E’ di questi giorni la notizia che Bono e c. stanno per uscire sul mercato con il loro ultimo lavoro: Songs of surrender. Prevista per il 17 marzo prossimo, la raccolta, perché di tale si tratta, avrà al suo interno 40 tracce storiche rivisitate. The Edge ha promesso che saranno più essenziali rispetto alle originali. Il cofanetto sarà diviso in 4 parti, una per ogni componente della band irlandese.

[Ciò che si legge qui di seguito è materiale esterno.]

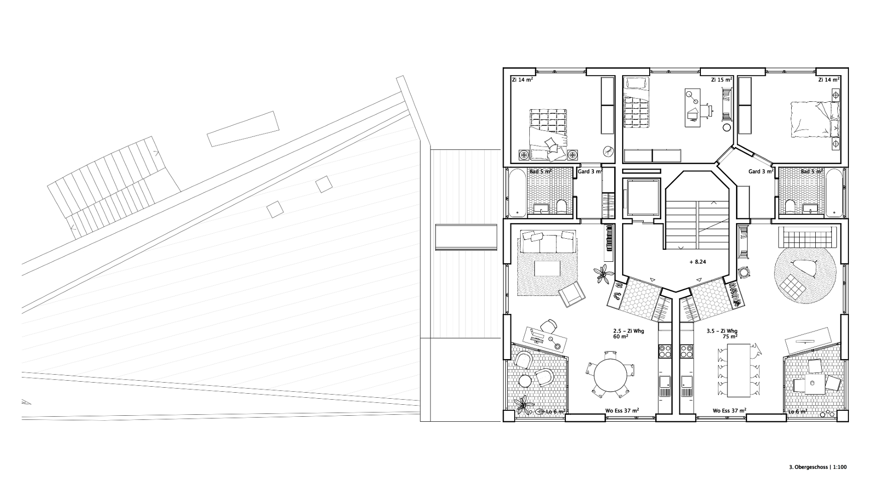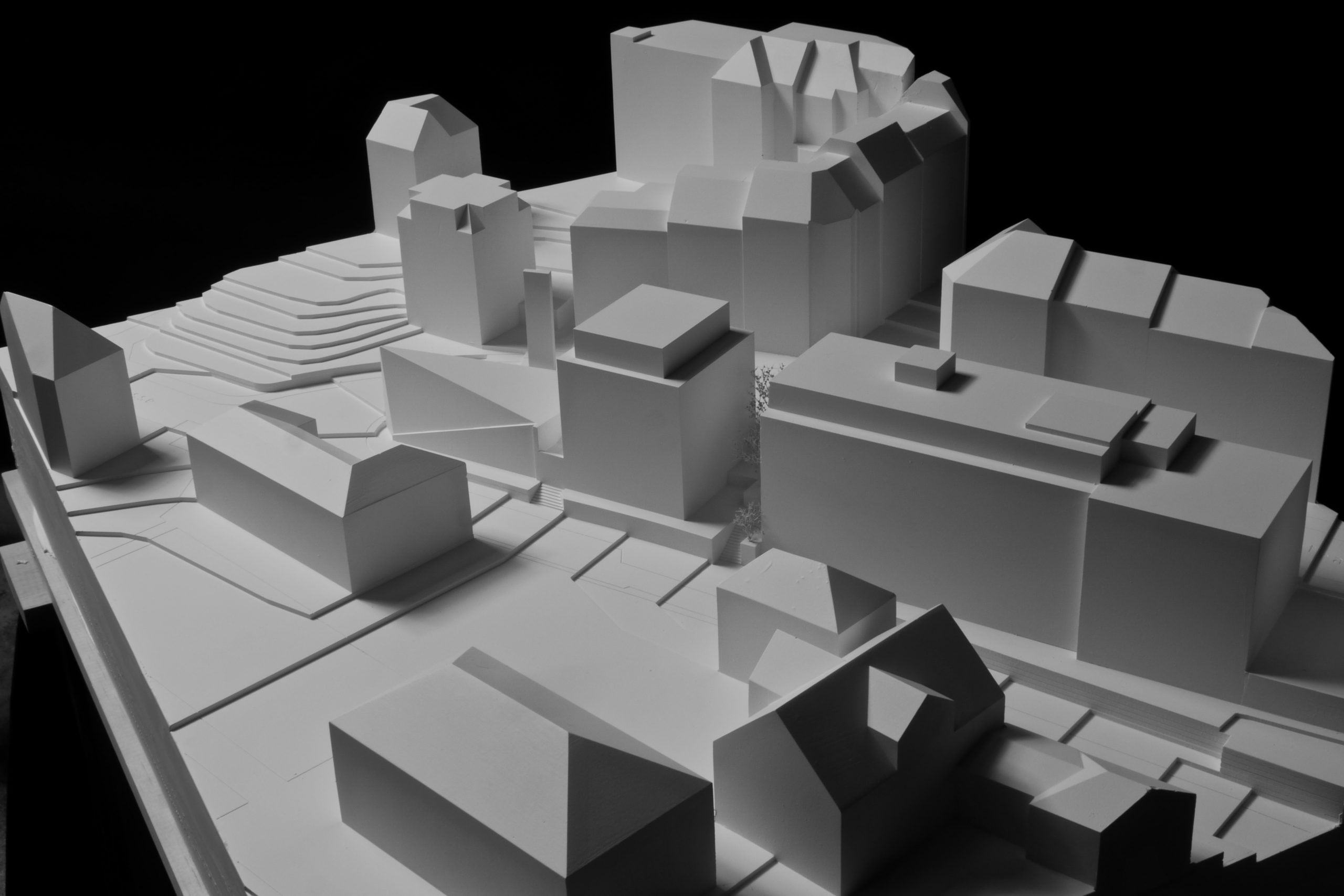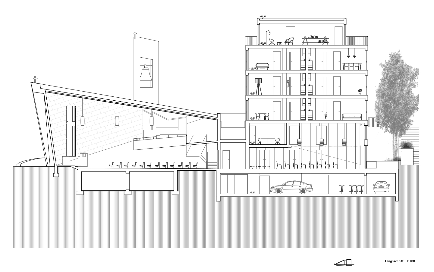 Neben der denkmalgeschützten Kirche entsteht ein Neubau mit Räumen für die Kirchgemeinde sowie Wohnungen. Das vorliegende Projekt entspringt dem Wunsch, die Teile des Ensembles in ein klareres Verhältnis zueinander zu setzen und dem expressiven Sakralbau deutlicher den Hauptauftritt zu überlassen, indem sich der Neubau etwas zurücknimmt. Der Neubau weist dementsprechend eine geometrisch einfache Kubatur auf und ist vom Kirchenschiff abgerückt. Zwischen den beiden Teilen des Ensembles entsteht dadurch – gewissermassen als gebaute Fuge – ein niedriger Zwischenbau mit einem neuen zentralen Eingangsfoyer. An der Kurvenstrasse springt er zurück und artikuliert damit den Nebenzugang zur Empore und zu einem neu geschaffenen Velounterstand. Das bestehende Eingangsportal erscheint nicht mehr als einseitig an die Kirche angelehnter Appendix, sondern fungiert neu als eigenständige Fassade des Zwischenbaus und wird durch ein hangwärts ansteigendes Dachvolumen bekrönt.
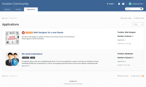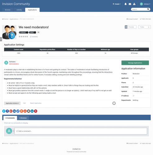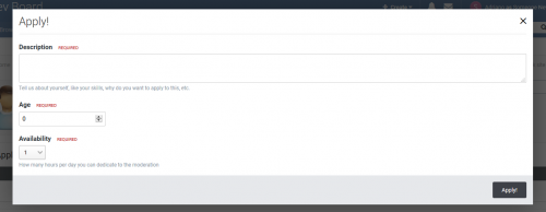Are you looking for staff? Developers? Designers? Or anything else? This application will help admins/moderators to find people to help in their boards.
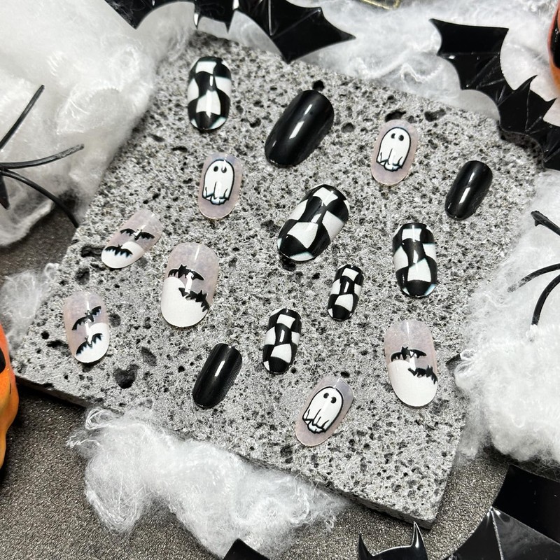 - Halloween Press on Nails: Halloween almond press on nails with cute ghost, bat pattern make you look more charming. Easy to create a Halloween happy atmosphere during Halloween time.
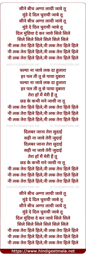 Lyrics of Seene Vich Agga - सीने बीच अग्गा
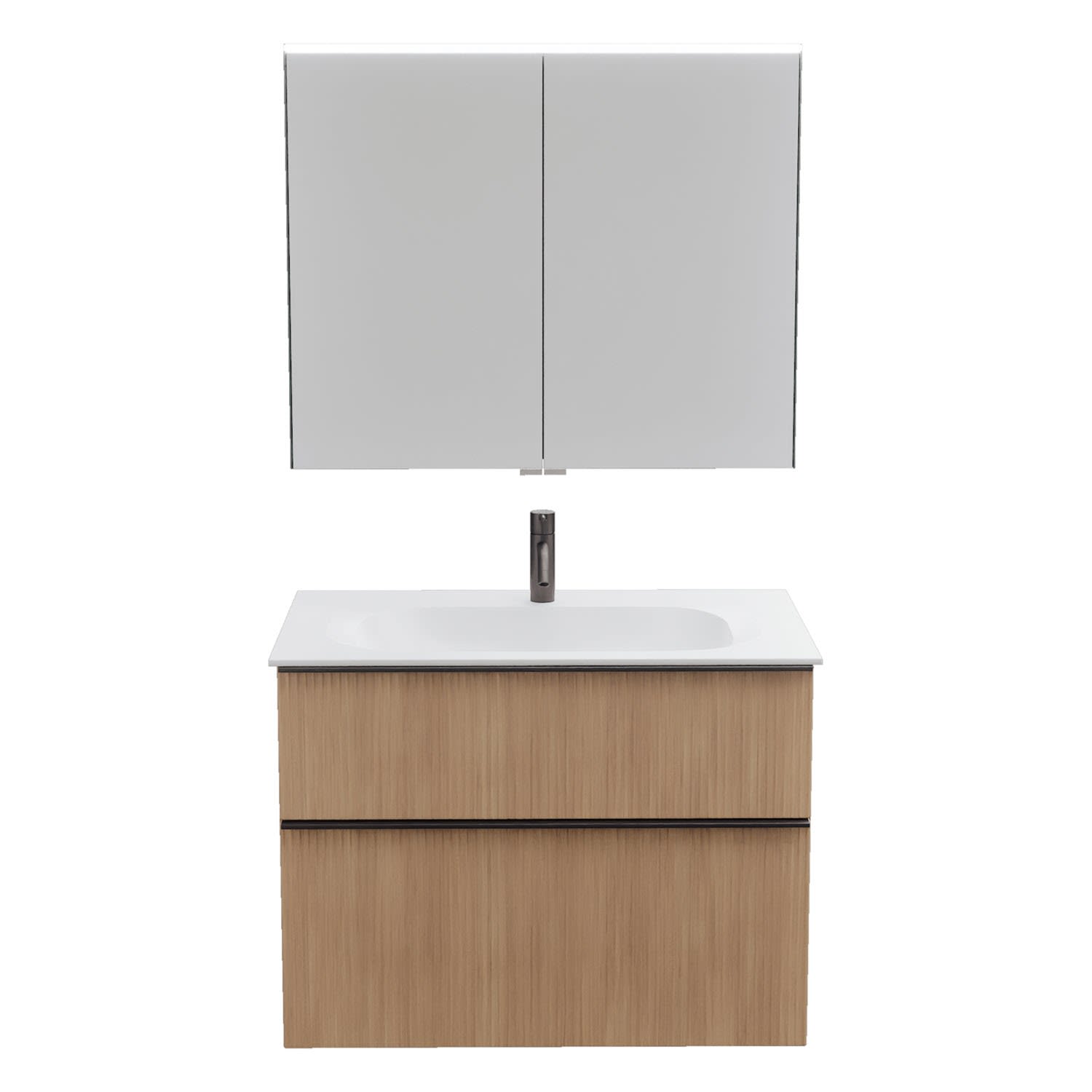 burgbad Fiumo 2.0 Badmöbelset 82 cm mit Waschtisch mit Unterschrank mit Griff G0200 und Spiegelschrank

Abbiamo anche vissuto da poco l’uscita dell’autobiografia di Bono ed il suo conseguente tour promozionale, con le canoniche ospitate tv, nonché l’annuncio dei prossimi concerti che si terranno a Las Vegas, allo Sphere, una nuova mega sala da concerti alta 120 metri con una capienza di 20 mila spettatori, 54 mila metri quadri di schermi led. Niente spostamenti di città in città dunque, solo concerti “stanziali”, come l’ultimo Elvis, come Sinatra, come Celine Dion e Rod Stewart. Non ci sarà però Larry Mullen alla batteria, ufficialmente per questioni di salute. Sarà sostituito da Bram van den Berg, musicista olandese dei Krezip.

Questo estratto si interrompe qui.